Under Emanuel, the city’s bond rating has been downgraded five times, to two steps above junk status, and pensions are consuming an ever-increasing share of the city’s budget. Garcia proposed cutting Tax Increment Financing districts and share expenses with other governments. But he also suggested a graduated income tax, which is unconstitutional in Illinois, and put off more specific decisions by promising to form a committee to “examine the full range of existing and potential revenue options that are available to the city.” Asked in a debate who would serve on that committee, he responded that he was “not at liberty to say.”

Such vagueness allowed Emanuel to portray Garcia as a political weakling who would raise property taxes before demanding sacrifices from the city’s public sector unions.

Garcia had an answer for that in his concession speech at the University of Illinois-Chicago Forum on Tuesday night. He implicitly blamed Emanuel for Chicago’s financial problems, because of his failure to make the city an attractive place to live. Chicago has led the nation in murders every full year of Emanuel’s mayoralty, its schools and neighborhoods have been neglected at the expense of downtown development, and its middle class feels nickel-and-dimed by traffic tickets and fees.

“We’ve got some big problems,” he said. “In the last 15 years, Chicago has lost 200,000 people. We have a debt crisis and a pension crisis. We have a growth crisis. That means people moving here, not leaving. That means a growing middle class. We can’t tax our way out of this crisis. We can only truly grow a way out. There are too many shootings. We need to end the violence. We need to end school closings and privatization. We need to stop paying so much attention to what happens downtown and more attention to what happens in our neighborhoods. A less violent city is a more attractive city. A city with good neighborhoods is a more attractive city. It’s a city that doesn’t have a pile of bills and a pile of discarded people it can’t afford to take care of.”

Despite their defeat, Chicago progressives were able to force Emanuel to the left. Last year, the mayor supported an increase in the city’s minimum wage to $13 an hour. After Garcia promised to end the speed camera program, Emanuel pulled cameras off 25 street corners.

“Mayor Emanuel, in a sense he lost though he won,” said the Rev. Jesse Jackson, who hugged Garcia when he appeared in the arena after the TV stations had predicted his defeat.

State Rep.
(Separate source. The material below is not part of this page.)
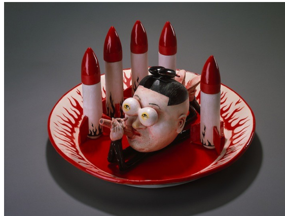
Görsel 8. Patti Warashina, Kimchee Chaos , 2013, Porselen.

Çalışmalarında mizahi unsurları ön plana çıkaran Patti Warashina, çağdaş dünyanın apokaliptik gerçekliğini fantazmagorik seramik figürler aracılığıyla yorumlamaktadır. Sanatçının Kimchee Chaos (Görsel 8) adlı eserinde, dünya siyasetinin sıra dışı figürlerinden biri olan ve otoriter yönetim tarzıyla dikkat çeken Kuzey Kore lideri Kim Jong-un, nükleer gücüne duyduğu övünçle sıkça dile getirdiği füzeler eşliğinde, kanla ilişkilendirilen bir sofraya eşyası üzerinde puro içerken betimlenmiştir. Porselen tabağı çevreleyen alev motifleri ise, Kuzey Kore'nin küresel düzeyde yarattığı tehdit ve kaos atmosferini simgesel bir dille aktarmakta; bu yolla Warashina, politik şiddet ve küresel gerilimleri ironik ve eleştirel bir perspektiften yeniden üretmektedir.

Will Guzzardi, who defeated a Machine-backed incumbent to win a seat in the state legislature, predicted that Garcia’s campaign would inaugurate an anti-establishment movement in Chicago.

“This campaign was up against impossible odds, and yet in an incredibly short span of time these people built a movement that pushed a political apparatus of nearly infinite resources to the brink of extinction,” Guzzardi said. “Movement building takes time. It’s not an overnight process. This movement’s going to keep growing.”

Emanuel may not be its next target, though. On the same day the mayor was re-elected, Chicago Sun-Times gossip columnist Michael Sneed reported that Hillary Clinton would name Emanuel to her cabinet if she’s elected president. That would be a good move for Rahm, after he nearly bungled away the mayor’s office to an obscurity. He could avoid the humiliation of losing an election, or retiring to avoid better-prepared challengers emboldened by the fact that he was forced into a runoff this year. He’d be back in Washington, his natural environment, where his abrasiveness is considered colorful. In four years as mayor of Chicago, Emanuel has demonstrated he’s not an effective chief executive. He was perfect in the role of bullying donors and congressman for Bill Clinton and Barack Obama. Every leader needs someone to do his dirty work, but that someone is never beloved by the public.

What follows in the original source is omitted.